Task description:
Copy out the data exactly as it appears, without a single image.

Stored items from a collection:
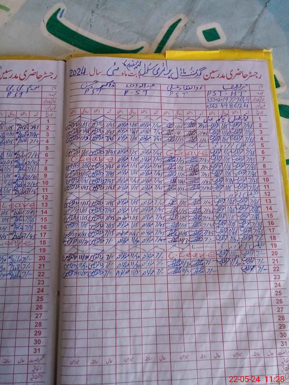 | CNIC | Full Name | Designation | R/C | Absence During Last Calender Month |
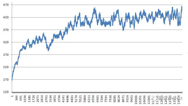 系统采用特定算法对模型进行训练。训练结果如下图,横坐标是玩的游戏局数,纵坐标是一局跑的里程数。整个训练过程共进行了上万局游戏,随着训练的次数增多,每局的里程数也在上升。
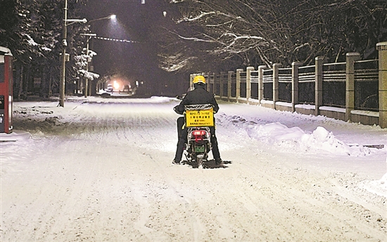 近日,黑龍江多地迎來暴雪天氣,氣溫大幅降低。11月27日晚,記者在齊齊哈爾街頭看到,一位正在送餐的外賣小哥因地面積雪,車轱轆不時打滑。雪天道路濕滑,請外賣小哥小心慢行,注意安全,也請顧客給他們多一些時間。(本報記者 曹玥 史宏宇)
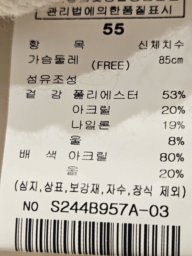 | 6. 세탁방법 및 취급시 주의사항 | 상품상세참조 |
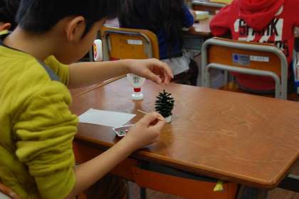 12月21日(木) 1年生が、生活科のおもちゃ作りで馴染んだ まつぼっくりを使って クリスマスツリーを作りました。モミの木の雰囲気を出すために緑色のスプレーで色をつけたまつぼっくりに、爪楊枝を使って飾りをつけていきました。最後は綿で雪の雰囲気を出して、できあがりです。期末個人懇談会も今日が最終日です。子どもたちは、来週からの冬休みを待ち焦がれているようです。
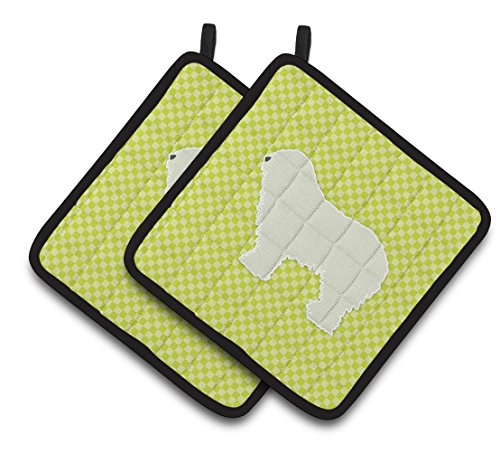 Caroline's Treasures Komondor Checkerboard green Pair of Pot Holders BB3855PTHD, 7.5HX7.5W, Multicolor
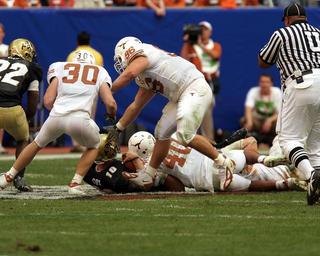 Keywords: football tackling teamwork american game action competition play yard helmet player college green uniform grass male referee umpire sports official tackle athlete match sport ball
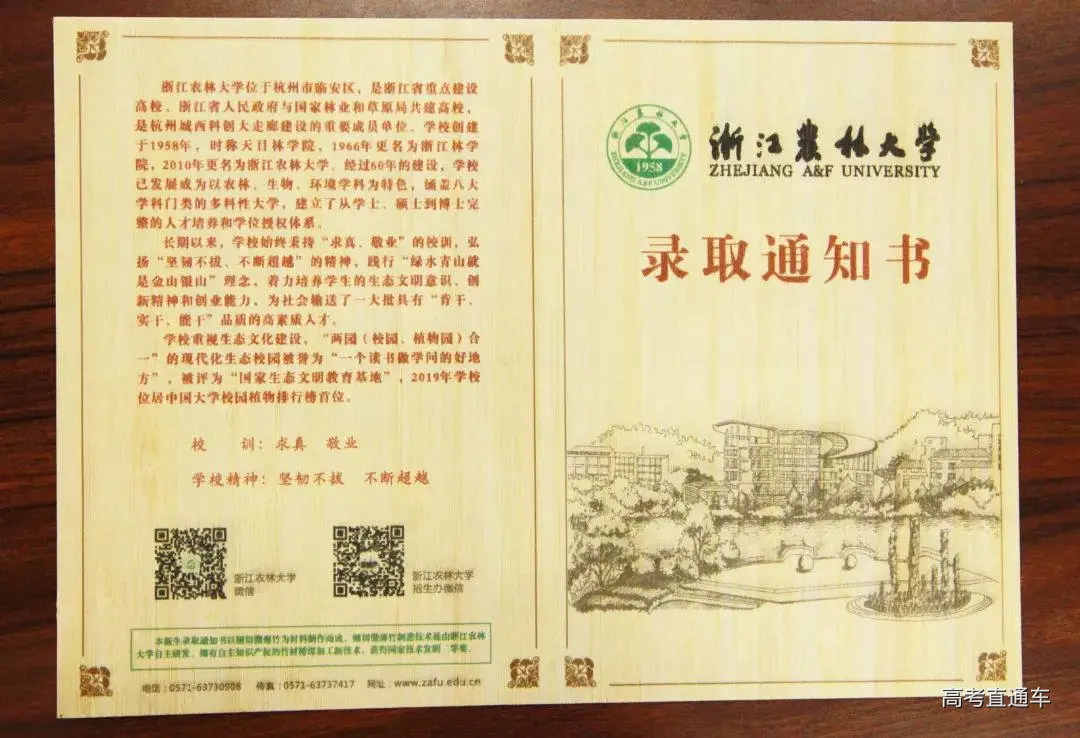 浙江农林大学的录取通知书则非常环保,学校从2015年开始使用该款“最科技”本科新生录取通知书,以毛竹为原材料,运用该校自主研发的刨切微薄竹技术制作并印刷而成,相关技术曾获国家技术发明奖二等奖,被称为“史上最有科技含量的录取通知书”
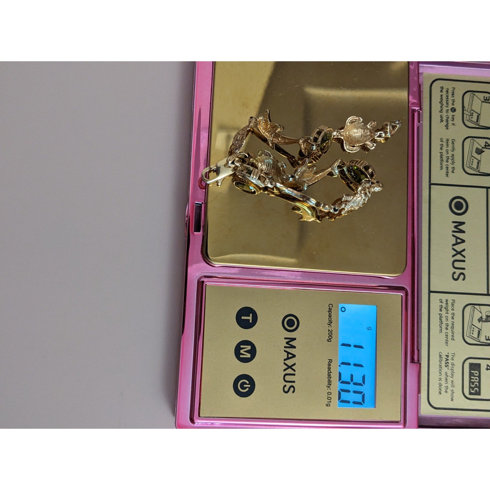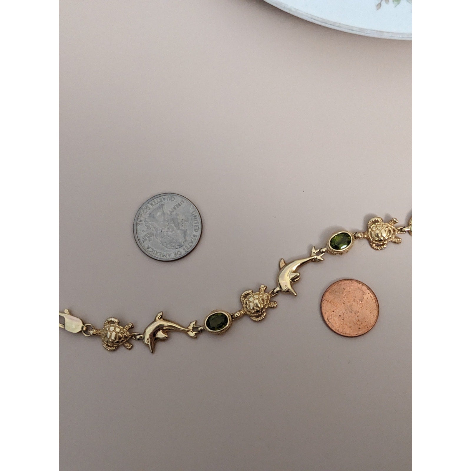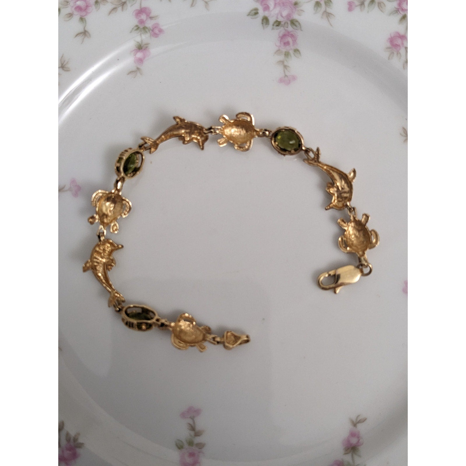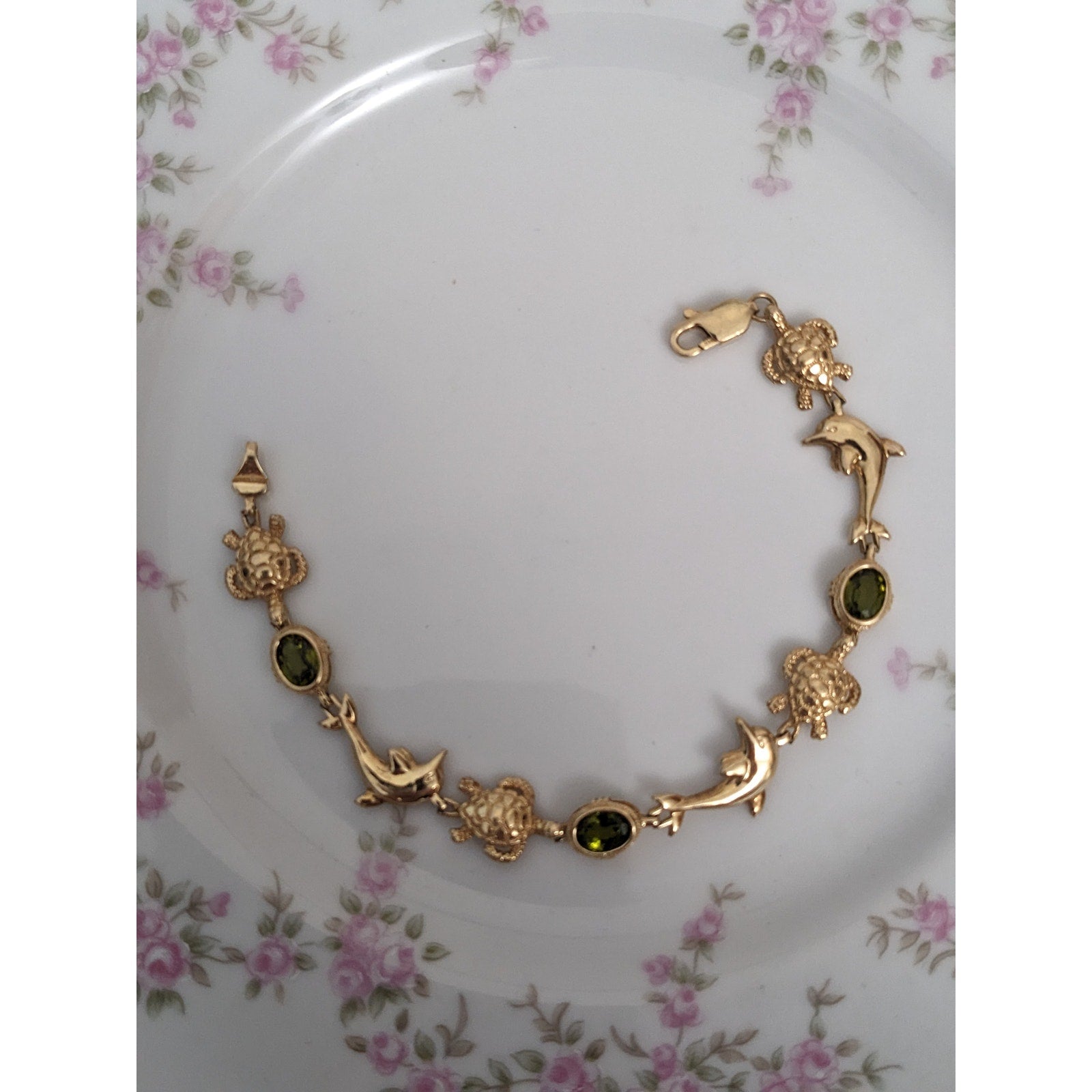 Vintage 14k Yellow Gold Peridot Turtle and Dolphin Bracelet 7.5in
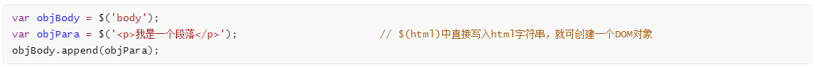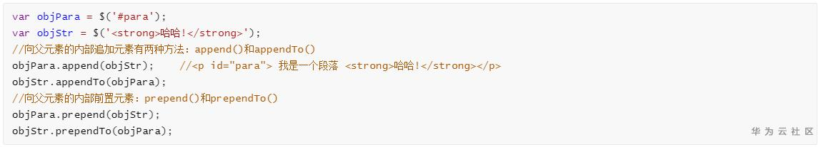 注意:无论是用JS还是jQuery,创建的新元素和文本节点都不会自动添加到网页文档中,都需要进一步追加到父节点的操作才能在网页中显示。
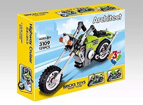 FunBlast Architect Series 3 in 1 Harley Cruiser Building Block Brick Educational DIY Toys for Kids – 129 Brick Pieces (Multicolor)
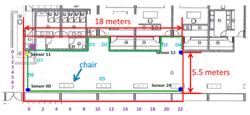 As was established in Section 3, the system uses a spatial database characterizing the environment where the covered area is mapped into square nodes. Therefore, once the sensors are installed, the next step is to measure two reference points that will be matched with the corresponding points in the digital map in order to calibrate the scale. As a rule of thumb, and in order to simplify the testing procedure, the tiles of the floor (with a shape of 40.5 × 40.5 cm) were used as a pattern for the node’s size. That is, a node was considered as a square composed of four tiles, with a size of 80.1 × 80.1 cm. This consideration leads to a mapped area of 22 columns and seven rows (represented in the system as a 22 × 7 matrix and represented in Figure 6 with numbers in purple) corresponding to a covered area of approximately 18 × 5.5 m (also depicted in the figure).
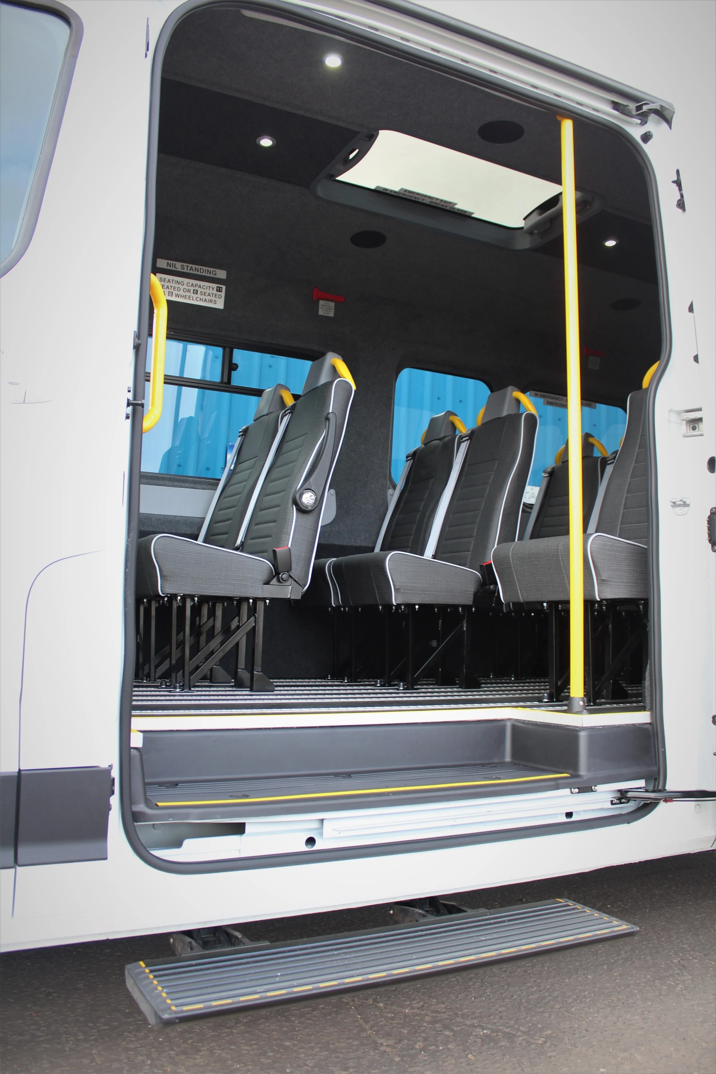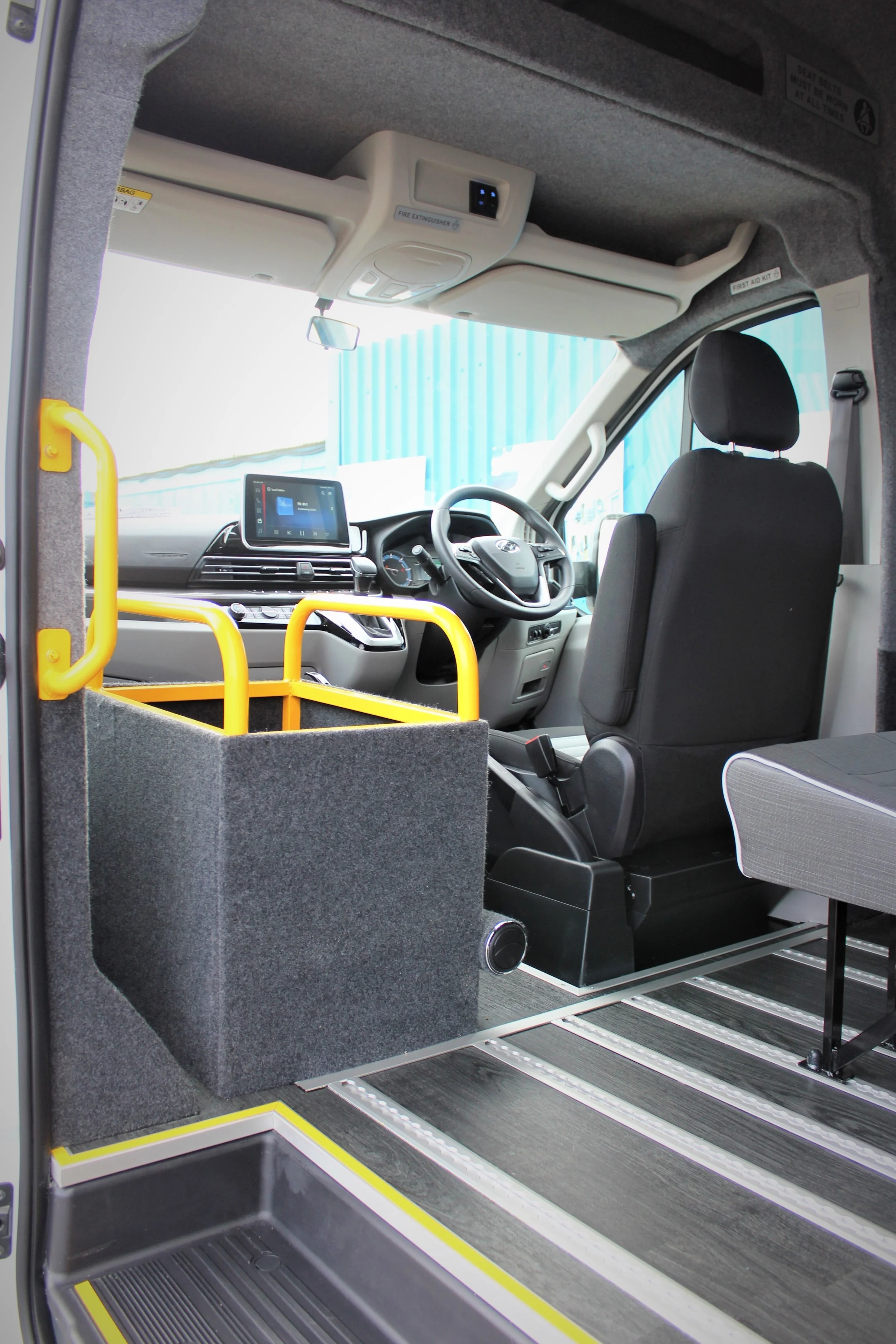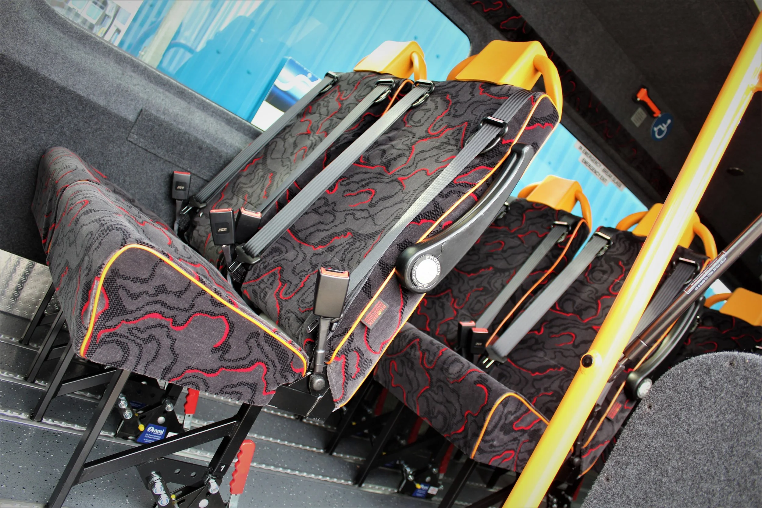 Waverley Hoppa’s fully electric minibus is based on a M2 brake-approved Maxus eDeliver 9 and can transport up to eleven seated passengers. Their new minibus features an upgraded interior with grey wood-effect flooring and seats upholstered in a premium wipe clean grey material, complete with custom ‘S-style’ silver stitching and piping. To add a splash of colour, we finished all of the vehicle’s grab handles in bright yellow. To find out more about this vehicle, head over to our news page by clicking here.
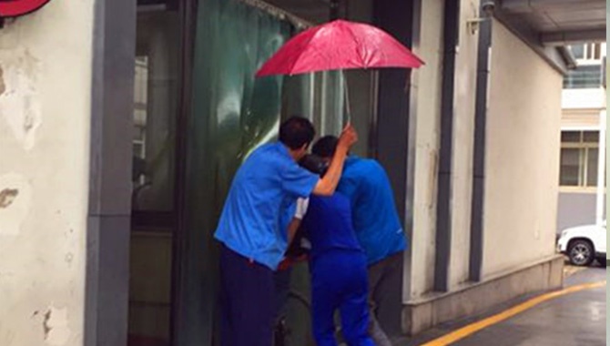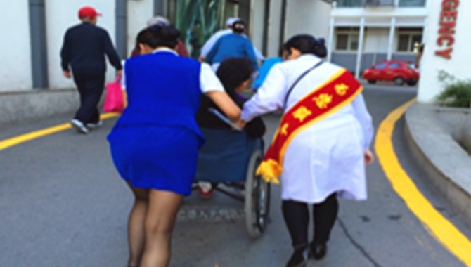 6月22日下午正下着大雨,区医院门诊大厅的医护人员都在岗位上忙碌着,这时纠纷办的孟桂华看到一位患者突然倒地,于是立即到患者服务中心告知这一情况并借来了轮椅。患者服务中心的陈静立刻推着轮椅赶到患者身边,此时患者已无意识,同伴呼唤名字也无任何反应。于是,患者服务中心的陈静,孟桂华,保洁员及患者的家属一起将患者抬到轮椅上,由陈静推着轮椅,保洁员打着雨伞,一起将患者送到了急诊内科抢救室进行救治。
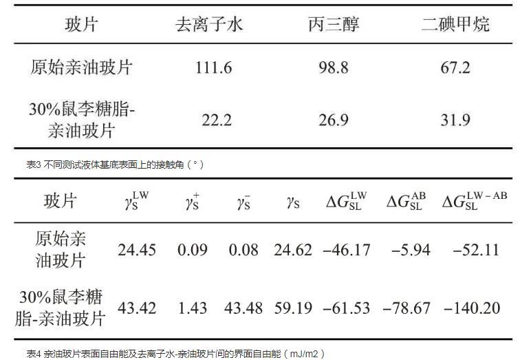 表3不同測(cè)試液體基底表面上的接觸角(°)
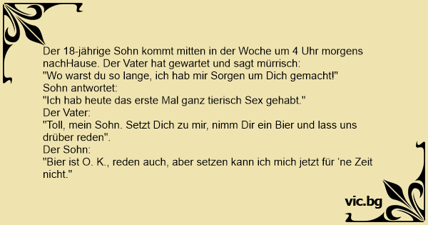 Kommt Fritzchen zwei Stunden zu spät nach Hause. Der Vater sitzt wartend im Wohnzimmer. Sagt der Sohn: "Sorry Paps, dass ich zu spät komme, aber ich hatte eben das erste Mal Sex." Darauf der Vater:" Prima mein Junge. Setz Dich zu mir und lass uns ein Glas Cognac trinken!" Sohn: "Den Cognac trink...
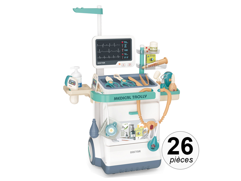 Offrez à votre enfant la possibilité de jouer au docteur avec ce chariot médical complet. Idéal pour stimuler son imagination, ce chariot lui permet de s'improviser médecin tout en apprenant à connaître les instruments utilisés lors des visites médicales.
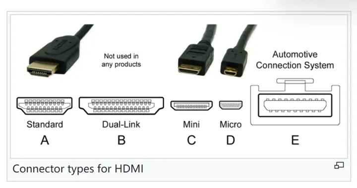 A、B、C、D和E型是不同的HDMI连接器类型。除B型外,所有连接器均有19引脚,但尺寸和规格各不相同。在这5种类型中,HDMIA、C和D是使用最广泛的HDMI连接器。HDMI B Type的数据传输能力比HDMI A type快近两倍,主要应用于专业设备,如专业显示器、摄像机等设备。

Response:
 | CNIC | Full Name | Designation | R/C | Absence During Last Calender Month |
 系统采用特定算法对模型进行训练。训练结果如下图,横坐标是玩的游戏局数,纵坐标是一局跑的里程数。整个训练过程共进行了上万局游戏,随着训练的次数增多,每局的里程数也在上升。
 近日,黑龍江多地迎來暴雪天氣,氣溫大幅降低。11月27日晚,記者在齊齊哈爾街頭看到,一位正在送餐的外賣小哥因地面積雪,車轱轆不時打滑。雪天道路濕滑,請外賣小哥小心慢行,注意安全,也請顧客給他們多一些時間。(本報記者 曹玥 史宏宇)
 | 6. 세탁방법 및 취급시 주의사항 | 상품상세참조 |
 12月21日(木) 1年生が、生活科のおもちゃ作りで馴染んだ まつぼっくりを使って クリスマスツリーを作りました。モミの木の雰囲気を出すために緑色のスプレーで色をつけたまつぼっくりに、爪楊枝を使って飾りをつけていきました。最後は綿で雪の雰囲気を出して、できあがりです。期末個人懇談会も今日が最終日です。子どもたちは、来週からの冬休みを待ち焦がれているようです。
 Caroline's Treasures Komondor Checkerboard green Pair of Pot Holders BB3855PTHD, 7.5HX7.5W, Multicolor
 Keywords: football tackling teamwork american game action competition play yard helmet player college green uniform grass male referee umpire sports official tackle athlete match sport ball
 浙江农林大学的录取通知书则非常环保,学校从2015年开始使用该款“最科技”本科新生录取通知书,以毛竹为原材料,运用该校自主研发的刨切微薄竹技术制作并印刷而成,相关技术曾获国家技术发明奖二等奖,被称为“史上最有科技含量的录取通知书”
 Vintage 14k Yellow Gold Peridot Turtle and Dolphin Bracelet 7.5in
 注意:无论是用JS还是jQuery,创建的新元素和文本节点都不会自动添加到网页文档中,都需要进一步追加到父节点的操作才能在网页中显示。
 FunBlast Architect Series 3 in 1 Harley Cruiser Building Block Brick Educational DIY Toys for Kids – 129 Brick Pieces (Multicolor)
 As was established in Section 3, the system uses a spatial database characterizing the environment where the covered area is mapped into square nodes. Therefore, once the sensors are installed, the next step is to measure two reference points that will be matched with the corresponding points in the digital map in order to calibrate the scale. As a rule of thumb, and in order to simplify the testing procedure, the tiles of the floor (with a shape of 40.5 × 40.5 cm) were used as a pattern for the node’s size. That is, a node was considered as a square composed of four tiles, with a size of 80.1 × 80.1 cm. This consideration leads to a mapped area of 22 columns and seven rows (represented in the system as a 22 × 7 matrix and represented in Figure 6 with numbers in purple) corresponding to a covered area of approximately 18 × 5.5 m (also depicted in the figure).
 Waverley Hoppa’s fully electric minibus is based on a M2 brake-approved Maxus eDeliver 9 and can transport up to eleven seated passengers. Their new minibus features an upgraded interior with grey wood-effect flooring and seats upholstered in a premium wipe clean grey material, complete with custom ‘S-style’ silver stitching and piping. To add a splash of colour, we finished all of the vehicle’s grab handles in bright yellow. To find out more about this vehicle, head over to our news page by clicking here.
 6月22日下午正下着大雨,区医院门诊大厅的医护人员都在岗位上忙碌着,这时纠纷办的孟桂华看到一位患者突然倒地,于是立即到患者服务中心告知这一情况并借来了轮椅。患者服务中心的陈静立刻推着轮椅赶到患者身边,此时患者已无意识,同伴呼唤名字也无任何反应。于是,患者服务中心的陈静,孟桂华,保洁员及患者的家属一起将患者抬到轮椅上,由陈静推着轮椅,保洁员打着雨伞,一起将患者送到了急诊内科抢救室进行救治。
 表3不同測(cè)試液體基底表面上的接觸角(°)
 Kommt Fritzchen zwei Stunden zu spät nach Hause. Der Vater sitzt wartend im Wohnzimmer. Sagt der Sohn: "Sorry Paps, dass ich zu spät komme, aber ich hatte eben das erste Mal Sex." Darauf der Vater:" Prima mein Junge. Setz Dich zu mir und lass uns ein Glas Cognac trinken!" Sohn: "Den Cognac trink...
 Offrez à votre enfant la possibilité de jouer au docteur avec ce chariot médical complet. Idéal pour stimuler son imagination, ce chariot lui permet de s'improviser médecin tout en apprenant à connaître les instruments utilisés lors des visites médicales.
 A、B、C、D和E型是不同的HDMI连接器类型。除B型外,所有连接器均有19引脚,但尺寸和规格各不相同。在这5种类型中,HDMIA、C和D是使用最广泛的HDMI连接器。HDMI B Type的数据传输能力比HDMI A type快近两倍,主要应用于专业设备,如专业显示器、摄像机等设备。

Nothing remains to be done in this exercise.